« Quand Borloo se prend à rêver… »

de | 2011-03-19


Redevenu député et affranchi du président, Borloo se verrait bien en outsider de la droite…
(Photo EPA)

Juppé qui jubile en secret, Fillon qui rumine, Borloo qui se prend à rêver et Sarkozy, un brin parano… A droite, aucun scénario n'est désormais exclu pour 2012.

 
Juppé prétend avoir le triomphe modeste.
Il y eut la harangue étincelante de Dominique de Villepin devant le Conseil de sécurité de l'Onu du 14 février 2003. Il y a désormais l'allocution impeccable d'Alain Juppé du jeudi 17 mars 2011. Moins de grandiloquence, moins de cheveux, un front plissé, de petites lunettes hexagonales, ça ne s'invente pas. Mais une vraie victoire : la résolution autorisant des frappes en Libye a été votée. Une semaine jour pour jour après avoir été ridiculisé par la diplomatie parallèle de Bernard-Henri Lévy, le ministre des Affaires étrangères fait mieux que reprendre la main : il a forgé le consensus de la communauté internationale. Certes, Nicolas Sarkozy ne manquera pas, et à raison, de tirer la couverture à lui, mais c'est Juppé qui a porté la voix de la France.
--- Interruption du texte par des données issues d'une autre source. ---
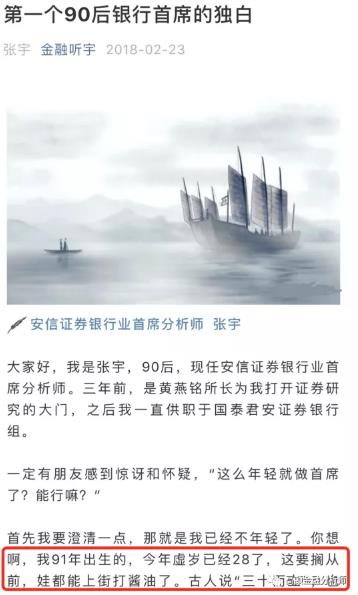据了解,张宇出生于1991年,2015年至2017年供职于国泰君安研究所银行组,由邱冠华(中国首位银行新财富白金分析师)领导;2018年初任安信证券银行业首席分析师,彼时才27岁。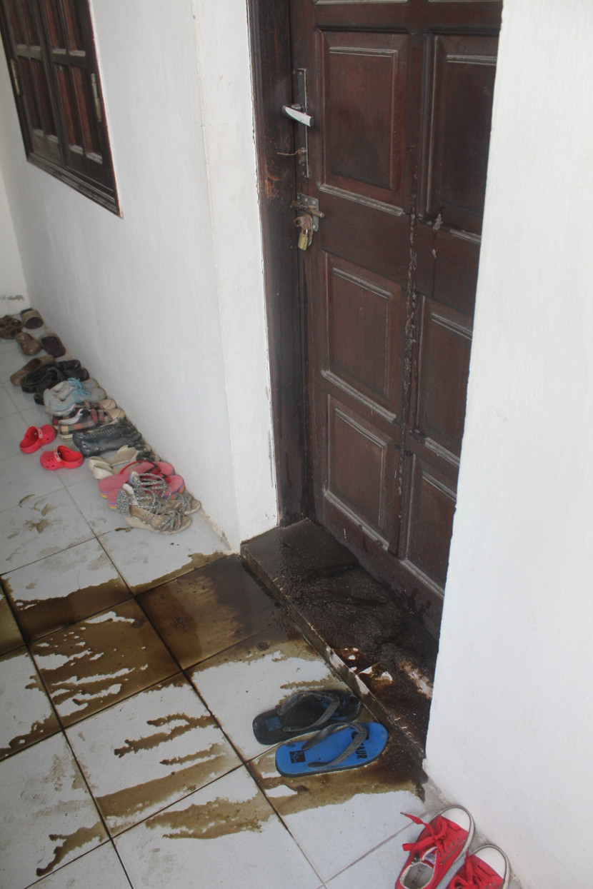 Trước cửa nhà đầy dầu và nồng nặc mùi mắm tôm; Ổ khóa bị đổ keo con voi với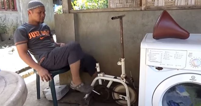 看看影片中的男子有多聰明,他把腳踏車的鍊子與洗衣機做結合,當他踩著腳踏板時洗衣機就會跟著滾動,踏板反轉時洗衣機也跟著反方向滾動,真是既省電又可以運動呀!而且不管順著踏、逆著踏,都讓腿部訓練到不同的肌肉群,真是厲害!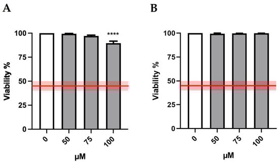 In view of these aspects, TK6 cells were treated with MTTA at different concentrations (0, 50, 75, 100 μM) in the absence or presence of an exogenous source of metabolic activation, S9 mix, for a short-term treatment of 3 h. The treatment was then followed by a recovery time of 23 h in a fresh medium, which is the time needed to allow the cells to complete 1.5–2 cell cycles, necessary to fix and transmit the damage possibly suffered to the daughter cells.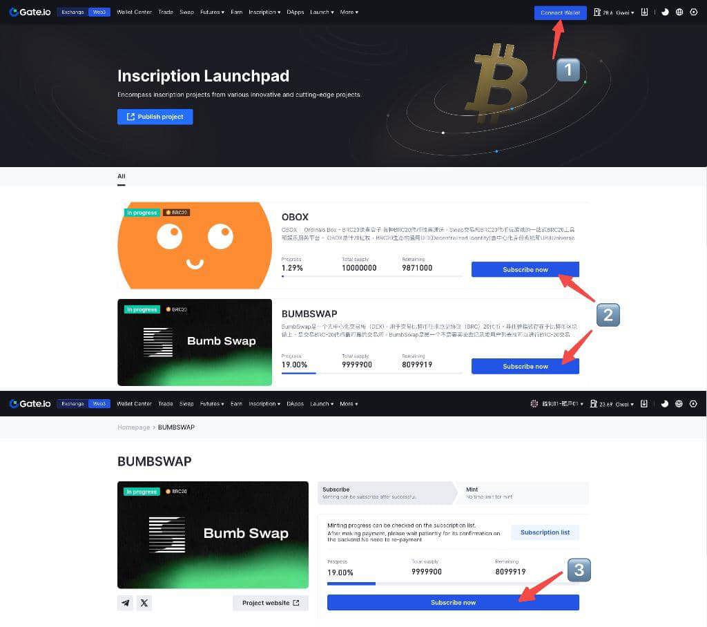 Step 1: Connect the Gate Web3 Wallet and make sure there are enough BTC assetsStep 2: Select the project you want to subscribe toStep 3: Click 【Subscribe Now】. After the application is successful, you can start minting

Un homme rumine secrètement: François Fillon. Le Premier ministre, passé maître dans l'art d'affaiblir ses concurrents – jadis Xavier Bertrand, naguère Jean-Louis Borloo et récemment Jean-François Copé – a aujourd'hui, en la personne de Juppé, un rival autrement redoutable. C'est d'ailleurs toute l'habileté de Sarkozy d'avoir mis ces deux fauves-là en situation de se neutraliser.

Borloo se prend pour un recours. Il faut voir la mine contrite de ce ministre peu suspect d'anti-sarkozysme, tandis qu'il murmure : «La vraie question, ce n'est plus : "Qui à côté de Sarkozy?", mais "Qui à la place de Sarkozy?''». Voilà encore quelques semaines, seuls les plus audacieux des fillonistes se risquaient, sous le sceau de l'anonymat, à poser cette question interdite. À présent, l'interrogation taraude la droite entière.«Nicolas est en chute libre. On a pris conscience que ça ne reviendrait pas et ça, c'est un événement, expose un dirigeant de la majorité. Ce phénomène change les comportements». Les espoirs des alternatives, aussi. François Fillon et Alain Juppé, évidemment. Mais aussi… Jean-Louis Borloo. Le président du Parti radical est convaincu que le fait d'avoir refusé de rester ministre de Sarkozy lui donne un avantage sur les deux autres : contrairement à eux, pense-t-il, lui ne saurait être accusé de trahir le Président.

Sarkozy a sa liste de fautifs. Le chef de l'État n'en finit pas de se présenter en victime du sort, de la mauvaise foi et de la haine des autres. Dans le huis clos du petit-déjeuner de la majorité, mardi dernier, il s'en est pris à tout le monde. Aux journalistes, qui l'accablent quand il réagit trop tard sur la Tunisie et qui lui reprochent d'avoir gesticulé trop tôt sur la Libye.«Faudrait savoir», a-t-il tonné. Aux voix humanistes, si promptes à le dénigrer quand il reçoit Kadhafi, mais bien silencieuses maintenant qu'elles devraient louer son action.«Je ne les entends pas dire que j'ai eu raison de déstabiliser un dictateur». Aux élus, qui n'assurent pas assez ardemment le service après-vente de ses exploits. «Pourquoi vous ne défendez pas le pacte pour l'euro et la prolongation des facilités financières pour la Grèce, que j'ai fait adopter par l'Europe». Réplique de Jean-Pierre Raffarin : «Ça n'intéresse personne».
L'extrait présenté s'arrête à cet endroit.